AI - Orc
Optimizing large-scale data processing with self-describing, type-aware ORC file format and libraries for Java and C++ under Apache umbrella.
- Name
- Orc - https://github.com/apache/orc
- Last Audited At
About Orc
Orc is a file format project under the Apache umbrella that develops and provides both Java and C++ libraries for reading and writing the Optimized Row Columnar (ORC) file format. The ORC file format is designed for Hadoop workloads, optimized for large streaming reads while also supporting quick searches. It is a self-describing type-aware columnar format that lets readers process only the required values for each query due to its type-awareness and internal indexes.
The ORC project includes a C++ reader and writer and a Java reader and writer, which are completely independent of each other. The libraries can read all versions of ORC files. Users can build and test releases using Apache Jira for bug tracking, Maven Central for downloads, or the latest releases from Apache.
To build ORC, you'll need to install Java 17 or higher, Maven 3.9.6 or higher, and cmake 3.12 or higher. Users can build release versions with debug information, a debug version without debug information, or just the Java library or C++ library by following specific build instructions.

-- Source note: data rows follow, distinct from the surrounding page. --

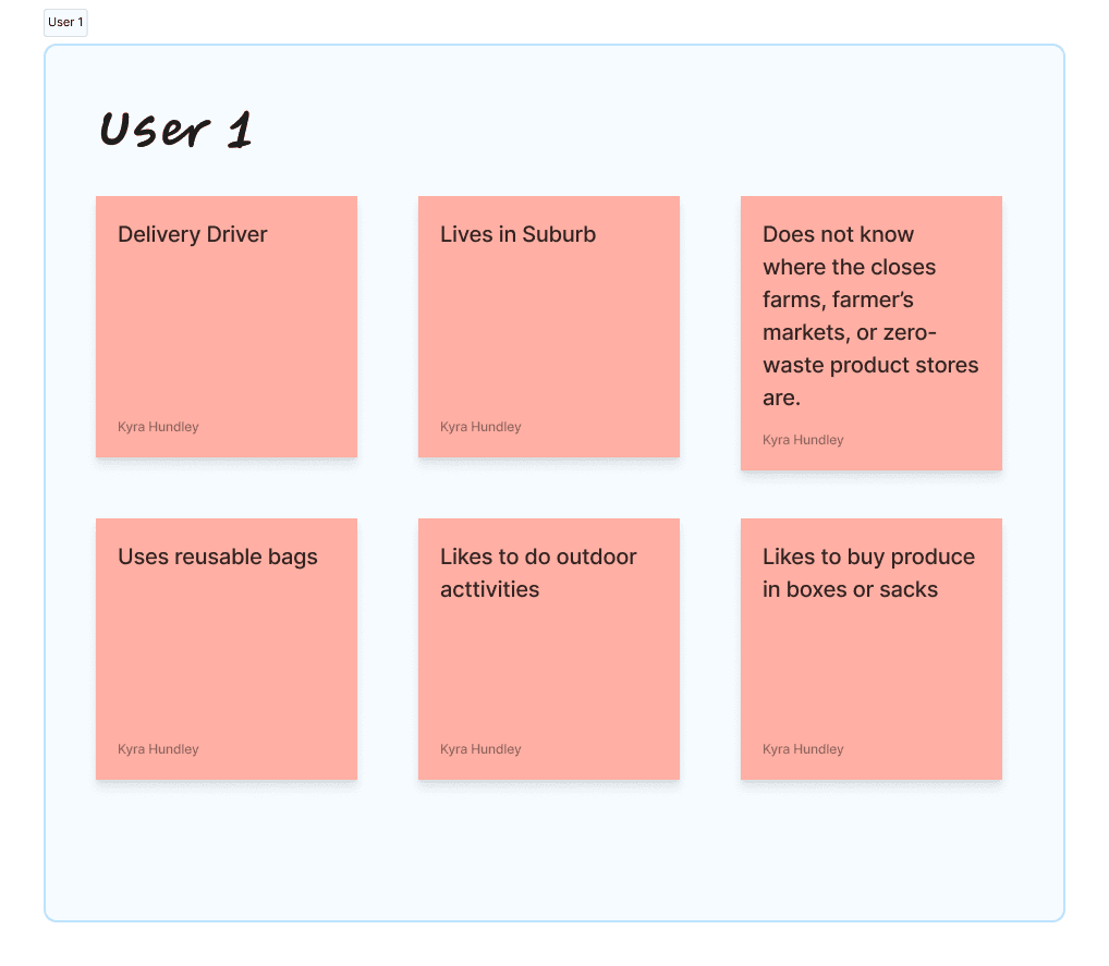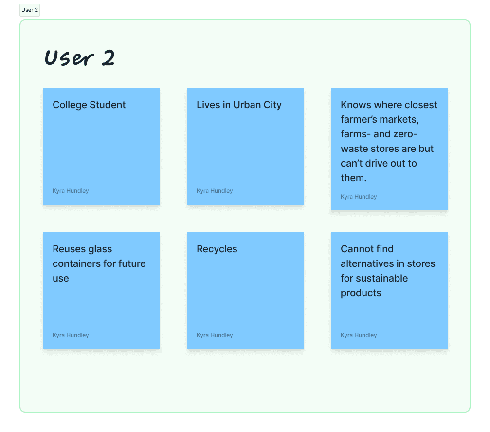 Given the time constraints of the hackathon, a decision was made to consolidate the primary and secondary research findings into a single persona that represents the common challenges and needs identified. The persona is characterized by a busy schedule and a desire for accessible options to obtain farm-to-table and zero-waste products. A key issue for this persona is the inability to drive out to farms due to time constraints. By focusing on these core challenges, I was able to develop solutions that address the persona's specific needs and make sustainable options more attainable within their busy lifestyle.
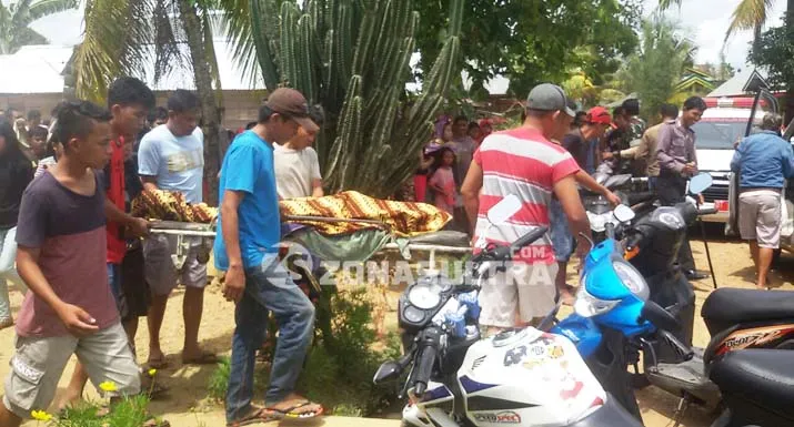 Korban yang bernama Nia (40), tewas dibunuh oleh suami sendiri pada pukul 10:00 WITA pagi tadi. Perempuan dua anak itu tewas saat dirinya baru pulang dari pasar menjual sayur.
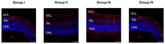 Iba1 immunostaining of retinal sections. Iba1 staining (red) revealed no significant differences in microglial distribution or morphology across experimental groups, indicating that none of the injection conditions (hydrogel composition or injection site) induced detectable retinal inflammation. Nuclei were counterstained with DAPI (blue). Group I: intracameral injection of Mixture A; Group II: intravitreal injection of Mixture A; Group III: intracameral injection of Mixture B; Group IV: intravitreal injection of Mixture B. Representative merged images are shown for each group. Scale bar = 50 μm.
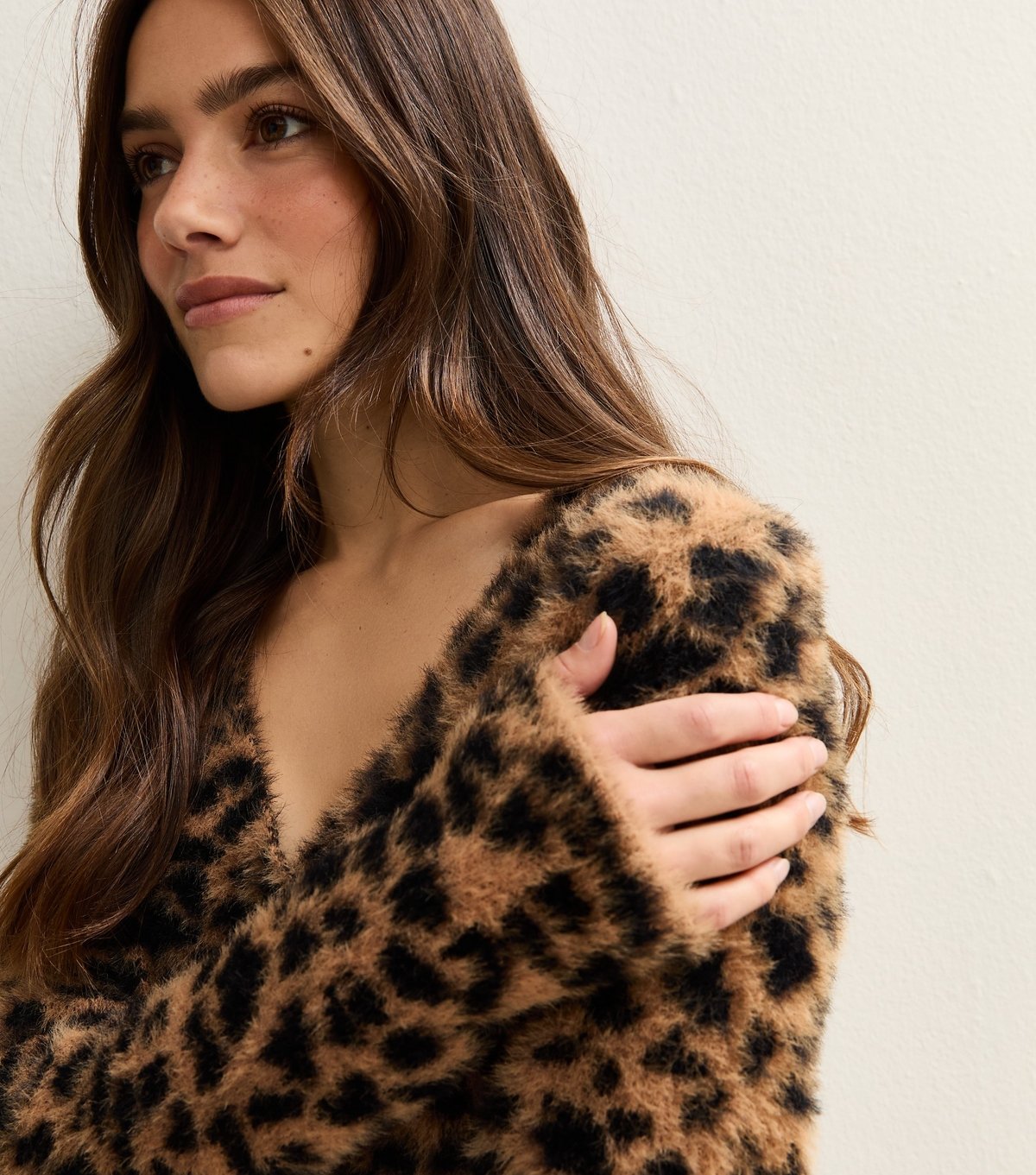 The New Look Brown Leopard Pattern Fluffy Cardigan is made from faux fur.
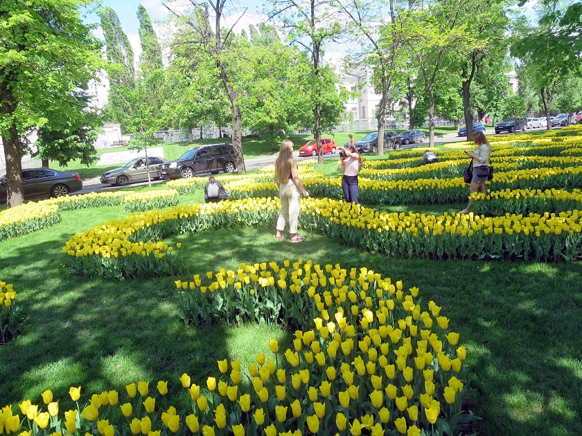 Клумба із сотень жовтих тюльпанів розташована на проспекті Незалежності.
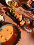 Спасибо заведению за персонал и приготовление блюд! Были в первый раз. Мест было не много, но нам выделили у окна (столик рассчитался и нас пересадили). Заказывали 2 том яма - супер, огонь и вкуснятина))) советую!!! Сет сливочный вроде - 12 роликов за 1000 - это ли не сказка (из которых 9 огонь и 3 на любителя, тобико, огурец и крабовые) и брали лапшу с морепродуктами- вкусно. В общем молодцы! Мы открыли для себя заведение, где можно покушать вкусно на Компросе!

The ORC file format is designed to optimize streaming reads and provide quick searches. By using type-awareness and internal indexes, it allows readers to read, decompress, and process only the required values for the current query. The format supports a complete set of types in Hive, including complex data structures like structs, lists, maps, and unions.
Additionally, the ORC project offers an optional AVX512 compilation feature which can be set at both compile time and run time using the BUILD_ENABLE_AVX512 cmake option or the ORC_USER_SIMD_LEVEL environment variable, respectively. This enables SIMD optimization for specific hardware.